Solar PV, like most electronics equipment, contains recoverable metals. Copper wiring, nickel, silver, and aluminum
contacts, and aluminum frames can be recycled like other scrap metals.
The sections below outline the end-of-life recycling challenges for specific solar PV technologies.
B. Crystalline Silicon (c-Si)
End-of-life hazardous waste issues: As outlined above, c-Si circuitry and inverters contain hazardous materials such
as lead, brominated flame retardants, and hexavalent chromium. Toxic materials contained in the actual c-Si
semiconductor materials are below levels regulated by the EPA.
Recycling options: Used silicon wafers can be melted into new silicon ingots and cut into new wafers. It takes far less
energy (estimates range from 30 to 90 percent less) to process c-Si feedstock from recycled silicon than it does to
process raw silica.78 Furthermore, in recent years a silicon shortage has made recycling silicon PV an even more
attractive option. A company located in Freiburg, Germany, is one of the few in the world that operates a c-Si recycling
plant to reuse defective and used c-Si for new panels.79
C. Amorphous Silicon (a-Si)
End-of-life hazardous waste issues: Amorphous silicon PV panels contain no EPA-regulated toxic materials, aside
from those contained in the circuit boards (as noted above).

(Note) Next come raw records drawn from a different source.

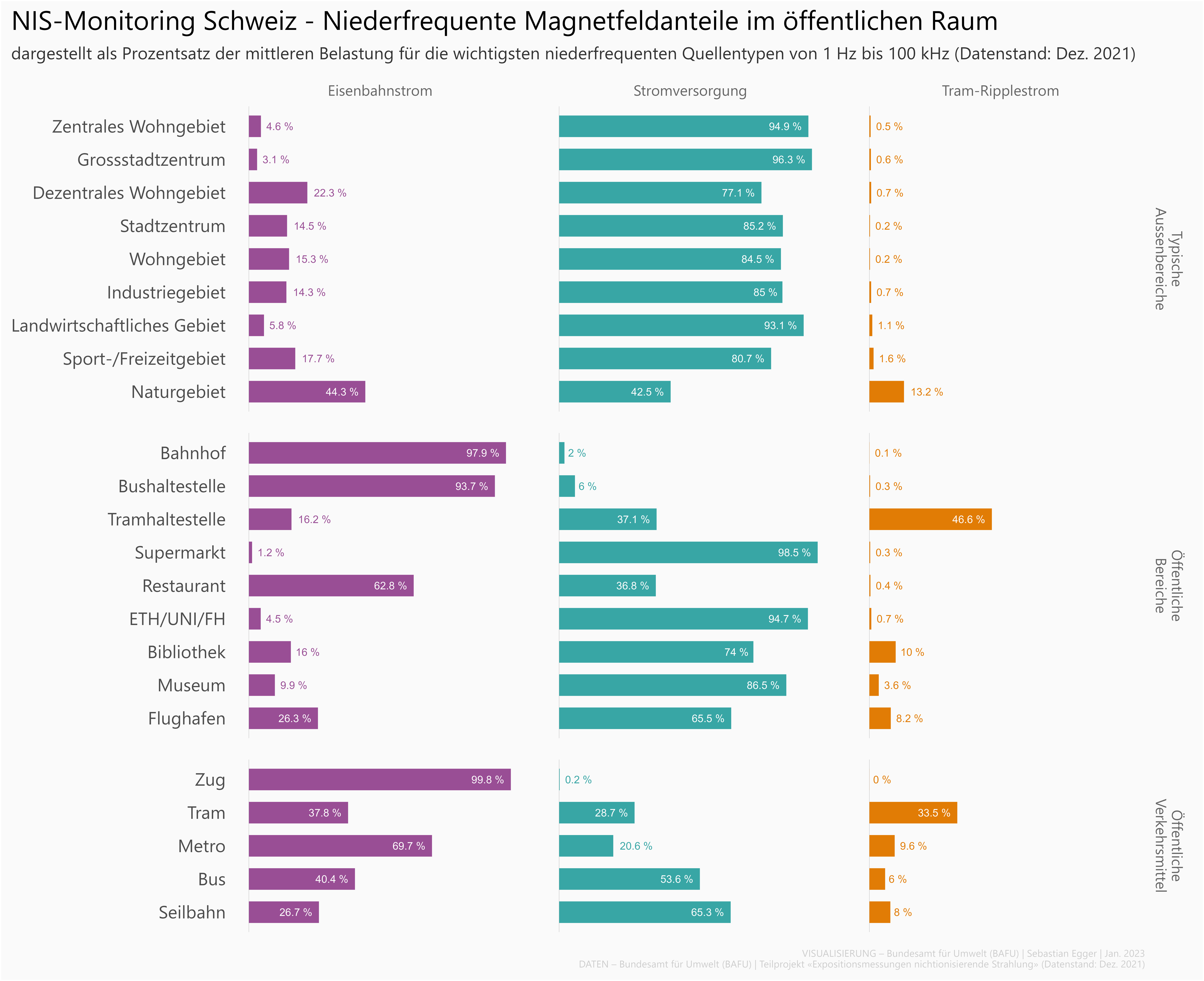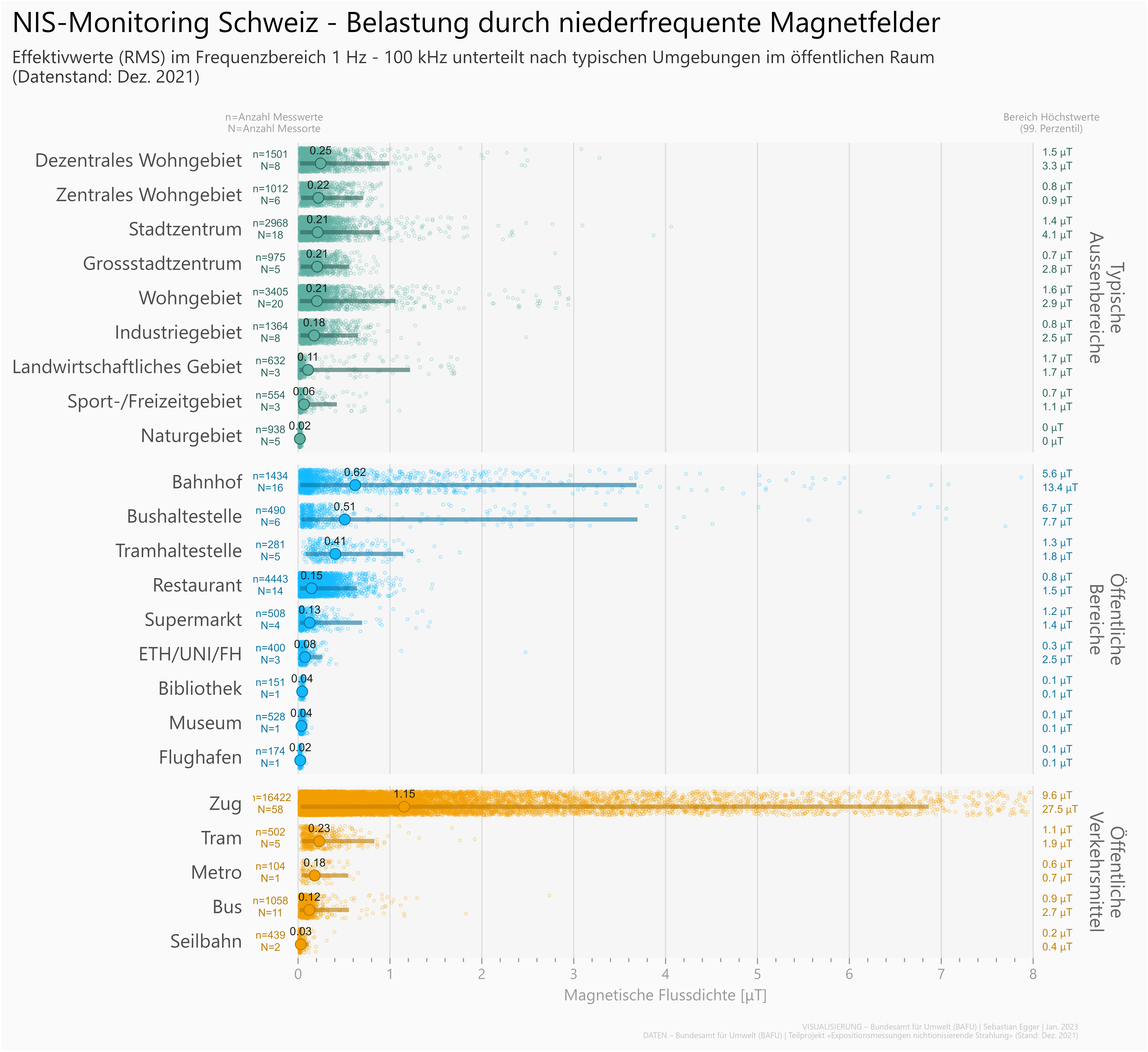 Die Belastung durch niederfrequente Magnetfelder in öffentlich zugänglichen Bereichen liegt im Mittel zwischen 0.02 und 1.15 µT. Die höchsten mittleren Belastungen – auf tiefem Niveau – traten dabei in Zügen (1.15 µT), an Bahnhöfen (0.62 µT) und an Busshaltestellen (0.51 µT) auf (vgl. Abbildung 5)..jpg?w=7200&auto=format)
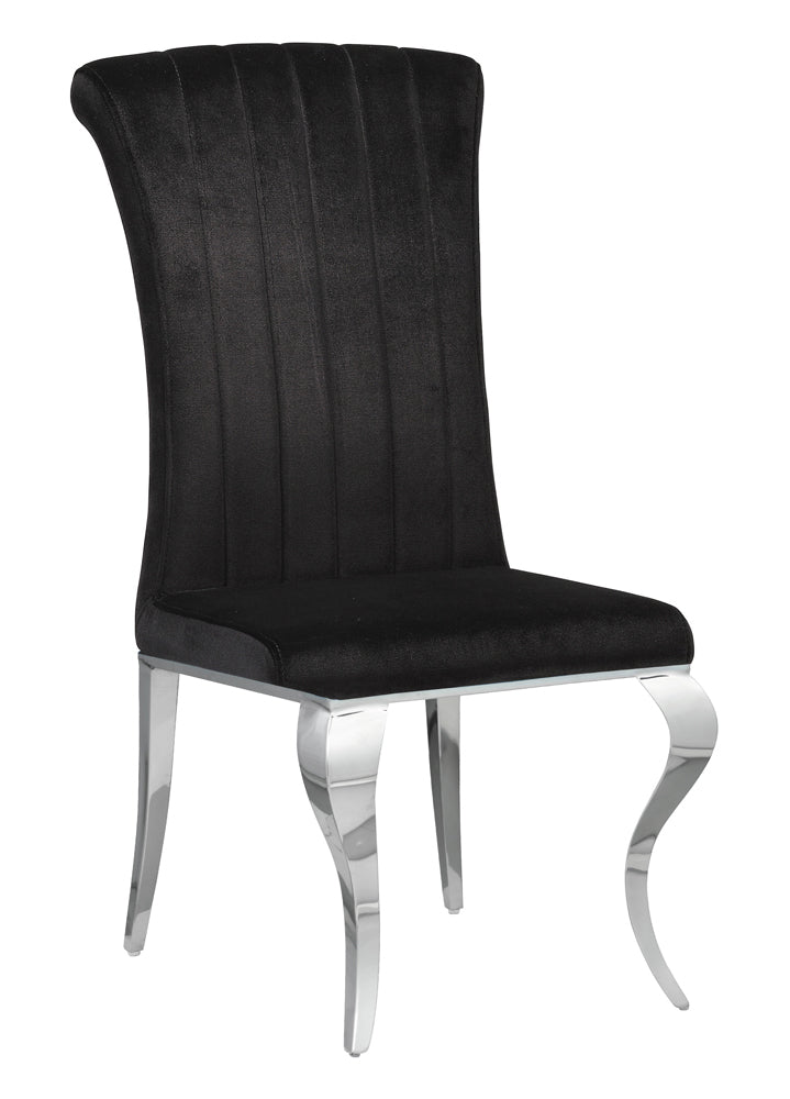 * Seats upholstered in a soft velvet fabric for a plush and luxurious look and feel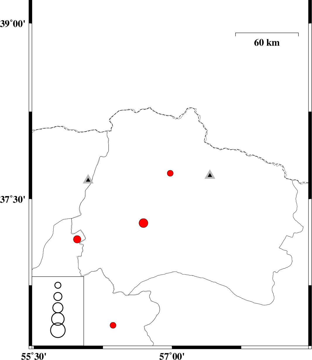 2010/05/12 | 21:11:29.3 | 01:41:29.3 | 37.15 | 55.97 | 6 | ML:3.6 | Semnan Province, 44 km North-West of Jajarm | ||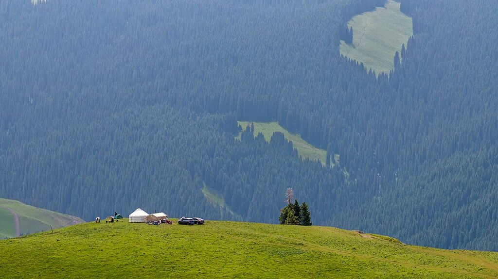 喀拉峻大草原上,起伏的山丘如同美人曼妙的身姿,被誉为“人体草原”。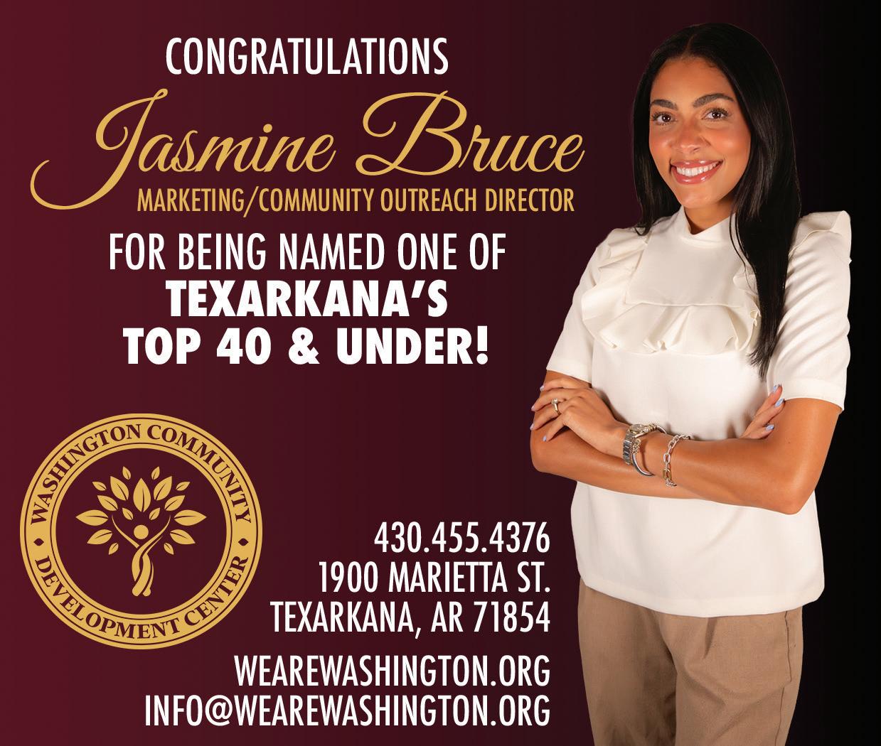 After graduating, Jasmine worked and studied at Arkansas Tech, coaching cheer and working in communication for the university while earning a master’s degree in digital communication and media. In 2023, she returned to Texarkana, where she has “[dived] headfirst into the local community,” she said. She currently works as the social media and community outreach director for both Total Medical Supply and We Are Washington.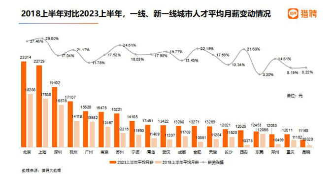 日前,同道猎聘旗下猎聘发布《2023上半年人才流动与薪酬趋势报告》,报告显示,从2023年上半年趋势来看,越来越多的年轻人正涌向新一线城市。2023年人才投递热门城市前三分别为上海、北京和深圳。薪资方面,北京平均月薪18976元全国最高,而上海近六年来薪资涨幅最高,达29.6%。

Recycling options: Since most a-Si PV panels are currently found in consumer products, they are typically disposed of
in household waste streams. As with other small electronic devices, these products contribute to the overall e-waste
load on local landfills. Amorphous silicon cells are also being used in combination with other materials to make
multijunction panels (see below). The a-Si panels on these consumer products can be recycled through standard
glass recovery/recycling processes, but they rarely are because they are attached to consumer products that are
typically just thrown in the trash.
D. Cadmium Telluride (CdTe)
End-of-life hazardous waste issues: While the hazards of cadmium are well known, the toxicity of cadmium telluride
(CdTe) is not as clear. It is believed to be less toxic than cadmium compounds (cadmium hydroxide) found in nickel
cadmium (NiCd) batteries because it does not dissolve in water as readily.80 However, tests to date are inconclusive.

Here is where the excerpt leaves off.